Here are some stem cell stories that caught our eye this past week. Some are groundbreaking science, others are of personal interest to us, and still others are just fun.
Stem cells from a drop of blood. One reason Shinya Yamanaka won the Nobel Prize in 2012 was his discovery of iPS type stem cells had the potential to create replacement tissue that matched the patients. But reprogramming adult cells from every patient to be stem cells would be very expensive and time consuming—maybe too time consuming for acutely ill patients. So, many groups have proposed banks of iPS cells from diverse populations so that most people could get donor cells quickly that were closely matched immunologically. CIRM President Alan Trounson is working with an international group to start one such stem cell bank initiative that we wrote about last year.

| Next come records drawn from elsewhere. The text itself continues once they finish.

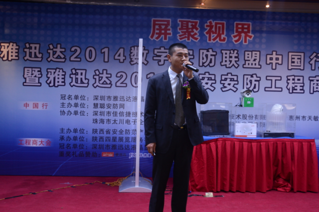 這場由深圳市雅迅達(dá)液晶顯示設(shè)備有限公司獨(dú)家冠名,慧聰安防網(wǎng)主辦,深圳市佳信捷技術(shù)股份有限公司、廣東鉑亞信息技術(shù)股份有限公司、珠海市太川電子企業(yè)有限公司、深圳市國祥安科技發(fā)展有限公司、惠州市天敏科技發(fā)展有限公司聯(lián)合協(xié)辦的“屏聚視界——雅迅達(dá)2014數(shù)字安防聯(lián)盟中國行”,以及由深圳市雅迅達(dá)液晶顯示設(shè)備有限公司獨(dú)家冠名,北京四星展覽服務(wù)有限公司協(xié)辦的“2014西安安防工程商大會(huì)”昨日在西安高速神州酒店隆重舉行。
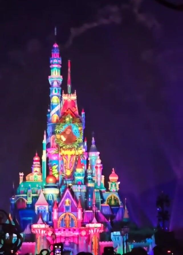 colorful castle illuminated at night, likely part of a light show. The castle is elaborately designed with multiple towers, domes, and decorative elements. It is bathed in bright, changing colors, including pink, blue, green, red, and yellow. There appear to be light projections on the castle as well. In the foreground, silhouettes of people can be seen, many holding up their phones to record the event. The background is a dark night sky. The overall atmosphere is festive and magical.
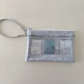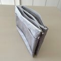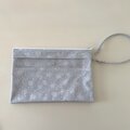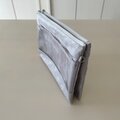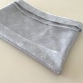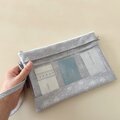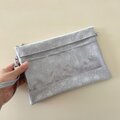ラミネート生地で、A5サイズまで収納できる大きめのダブルファスナーポーチをお作りしました。
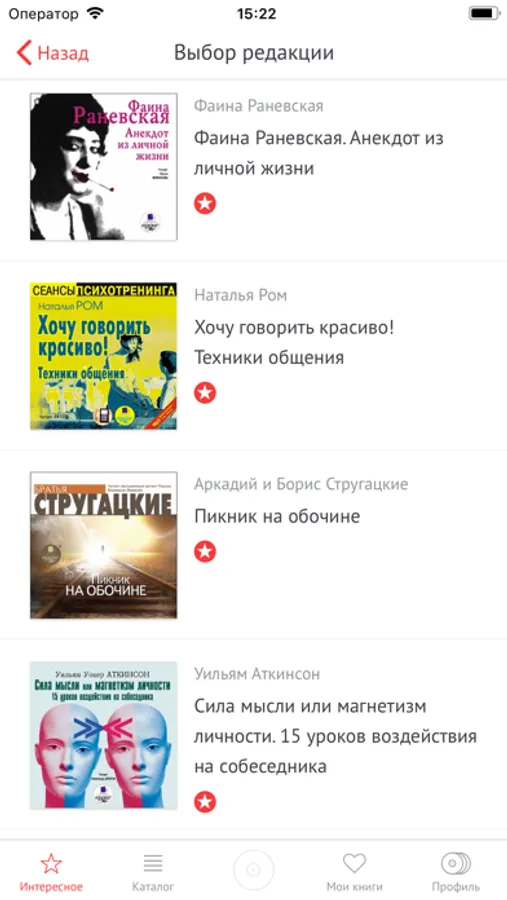 Вы без труда найдёте желаемое в обширном и удобно структурированном каталоге, откроете для себя новые горизонты, изучая любовно собранные нами тематические коллекции, узнаете, что слушают другие, и что рекомендуем послушать мы. Выбирайте осознанно: в каждой аудиокниге предусмотрен фрагмент для предварительного прослушивания. Вы оцените быструю загрузку, разбивку на главы и прочие незаметные, но очень приятные мелочи.
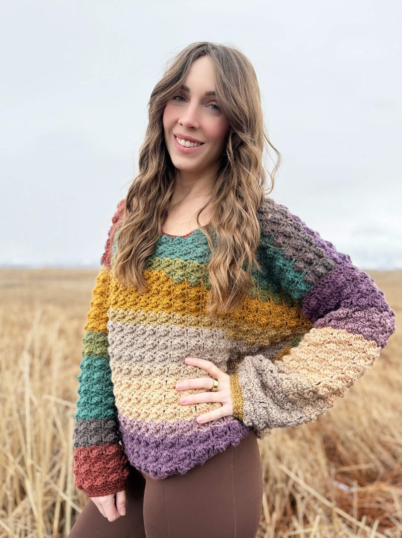 Introducing the Echoes Pullover, a cozy and colorful sister design to the beloved Echoes Cardigan! This pullover features the same stunning color-changing mandala yarn, creating a unique and vibrant look with every stitch. Designed for comfort and style, it has a relaxed fit, a beautiful pop of texture, and an effortless drape. Whether you're lounging at home or heading out, the Echoes Pullover is a perfect layering piece for any season. Plus, with an included video tutorial, you’ll have all the guidance you need to bring this gorgeous design to life!
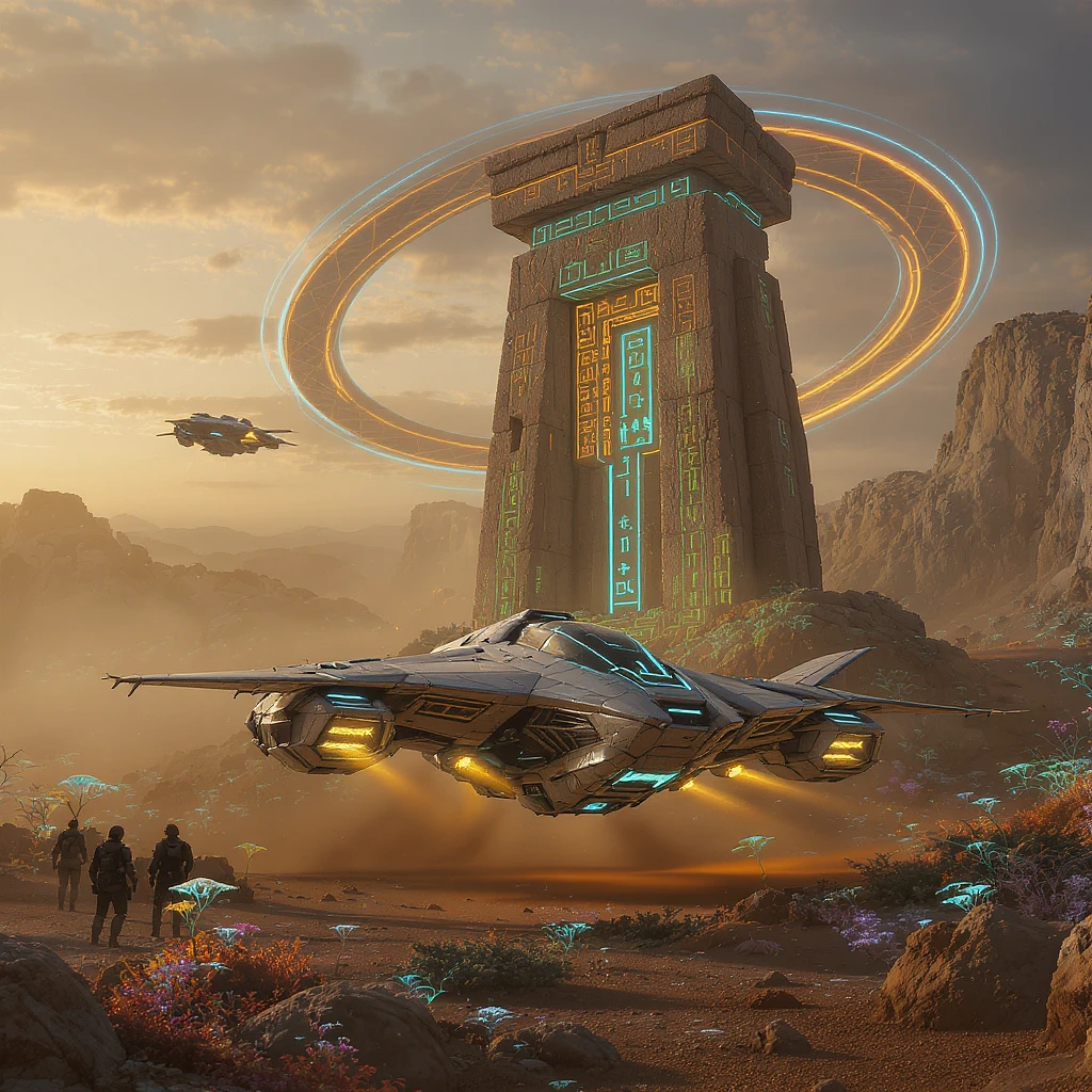 Designed to maximize clarity, style consistency, and visual impact while adhering to best practices for AI generation: **"Futuristic ancient megalithic adventure scene"**, ultra-detailed cinematic render, Unreal Engine 5 RTX, Octane hyper-realism. **Scene:** - A **Tartaria-Egyptian hybrid megalith** (sandstone + obsidian) towers in the background, covered in **glowing hieroglyphs** and **flanked by two advanced hypersonic spaceships** with: - **Mercury-vortex engines** (liquid metal swirling) - **Wings inspired by Abydos falcon deities** (ochre tribal markings) - **Neon-orange/cyan plasma trails** **Foreground:** - A **landing diamond-armored scout ship** (hyper-reflective fractal glass cockpit, symmetrical hull) undergoes inspection by: - **Cybernetic observers** (chromium limbs, hydraulic tendons, HUD implants projecting scan-lines) - **Bioluminescent jungle flora** (neon teal vines, pulsating mushrooms) casting volumetric glow. **Background:** - A **massive hyperspace ring** (Tartaria arch design) orbits in the sky during sunrise, emitting a faint wormhole ripple. - **Sunrise lighting** (golden hour) mixes with **depot spotlights** and **neon flora glow**, creating triadic contrast. **Art Direction:** - **Style:** Hyper-realistic, hard-surface sci-fi (reminiscent of *Simon Stålenhag* + *Beeple*) . - **Palette:** - **Warm:** Abydos ochre, sunrise gold - **Cool:** Metallic silver, bioluminescent teal - **Accents:** Neon orange (engines) , hyper-reflective chrome - **Textures:** Scratched metal, carbon fiber, smudged glass, sand-blasted stone. - **Composition:** Golden ratio, wide-angle for grandeur, depth layers (foreground ship/mid jungle/back megalith) . **Technical Notes:** - **--ar 9:16 --style raw --v 6. 1** (or **--v 6** if artifacts occur) . - **Watermark:** Add *"JDHampton × AI"* in bottom-right (sans-serif, 10% opacity) via post-processing if needed. --- ### **Key Tags for PromptHero Visibility:** #JDHampton #TartariaSciFi #AbydosCore #HyperRealistic #CinematicLighting #BioluminescentJungle #AncientAdvanced #SpaceshipDesign --- ### **Pro Tips:** 1. **Hierarchy Matters**: The AI prioritizes the first 100 tokens. Keep critical elements (Tartaria, ships, bioluminescence) early. 2. **Style References**: Adding *"inspired by Simon Stålenhag"* can help anchor the aesthetic. 3. **Avoid Overcrowding**: If the AI merges ships/megalith, add **"distinct separation"** or **"clear depth layers"**. 4. **Upscale Smartly**: Use **ControlNet Tile** + **UltraSharp** in post-processing to refine details. --- This version balances specificity with flexibility, ensuring the AI grasps the core vision while leaving room for creative interpretation. Why This Matters: It’s transparent about AI’s role while highlighting “your” artistic vision (you’re the director here!) . JDHampton | AI-assisted concept
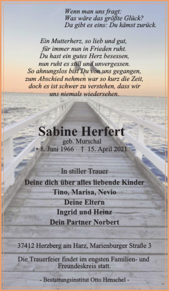 Hier finden Sie alle Traueranzeigen aus der Zeitung, die bisher für Sabine Herfert erschienen sind. Weitere Traueranzeigen, die in der Zeitung erscheinen, werden hier ebenfalls aufgelistet
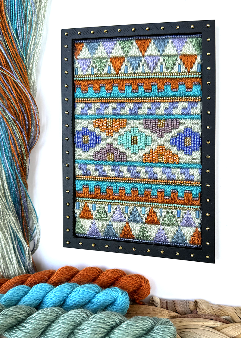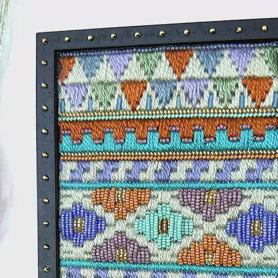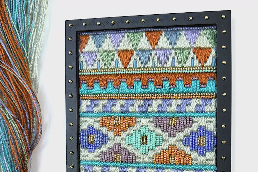 Frame included! Longstitch needlepoint with beaded motifs and decorations. The all-inclusive kit features tencel fiber (non-allergic cellulose based), Japanese and Czech seed and bugle beads, 18-mesh Zweigart needlepoint canvas with starting points marked, tapestry and beading needles, complete full-color directions for stitching and finishing. View our quick video for an overview of the project and helpful hints. Aleene's Jewel-It glue is recommended for finishing. Frame size 4" x 6".
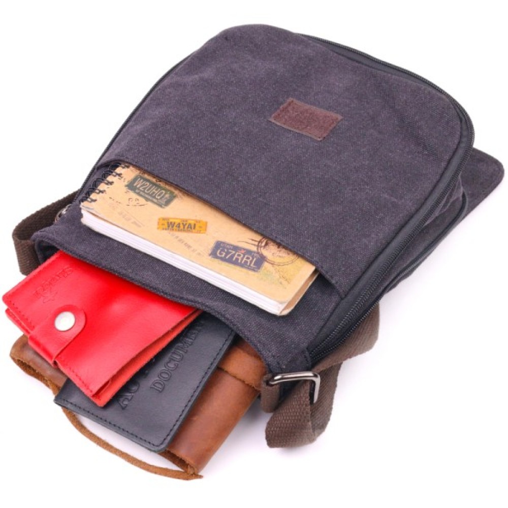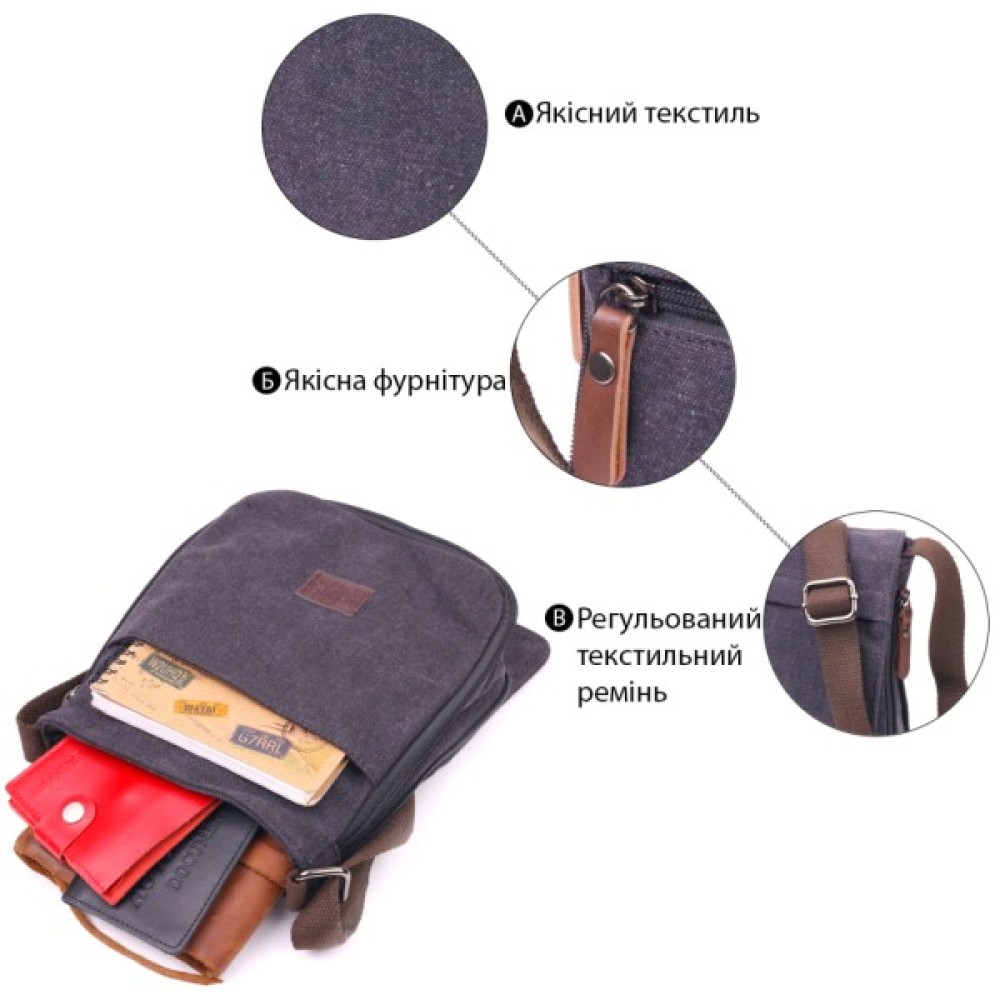 Сумка, Vintage, Вертикальна, чоловіча, текстильна, Чорна, 21265

But, collecting adult tissue from all the diverse populations of the world is problematic. Although the early method of taking skin biopsies to collect adult cells can now be replaced by blood draws, that is still not an optimal solution. So, a team in Singapore has developed a technique that allows the creation of iPS cells from a drop of blood from a simple finger stick, not the tablespoon or more that is currently required. They even devised a system that allows the donors to store and ship the sample themselves. Other researchers will need to verify the efficiency of the new procedure and the quality of the stem cells it creates, but the technique could make a world-wide tissue bank much more feasible.
Stem Cells Translational Medicine, the journal CIRM helped to found, published the study and the web site benzinga picked up the publisher’s press release.
The triumph of keeping leukemia alive in a dish. As resilient as leukemia stem cells can be in patients, you would think it would be easy to culture them in the lab. But that has not been the case. They lose their “stemness” when cultured, which has made it difficult for researchers to find the method to their cancer-causing madness. A team at the University of Montreal has isolated two chemicals that preserve the character of leukemia stem cells in lab culture. This should allow researcher to better understand what regulates their survival and growth and develop drugs to target their vulnerabilities. Nature Methods published the work and Fierce Biotech Research wrote about it.
CIRM funds several projects targeting these treacherous cells including two that hope to begin clinical trials this year. You can read about those projects on our leukemia fact sheet.
Mourning a stem cell champion. Jim Stowers was a hero to friends of mine who work at Washington University in St. Louis. Without him, embryonic stem cell research would probably be illegal in Missouri. He and his wife bankrolled the campaign to fight an effort to criminalize the work in 2006. They had earlier proven their commitment to biomedical research when they created the Stowers Institute in Kansas City in 2000 with a $2 billion endowment. In an obituary in the St. Louis Post-Dispatch William Danforth, chancellor emeritus at Wash U, said Stowers was committed to making the world a better place. We salute him and his efforts.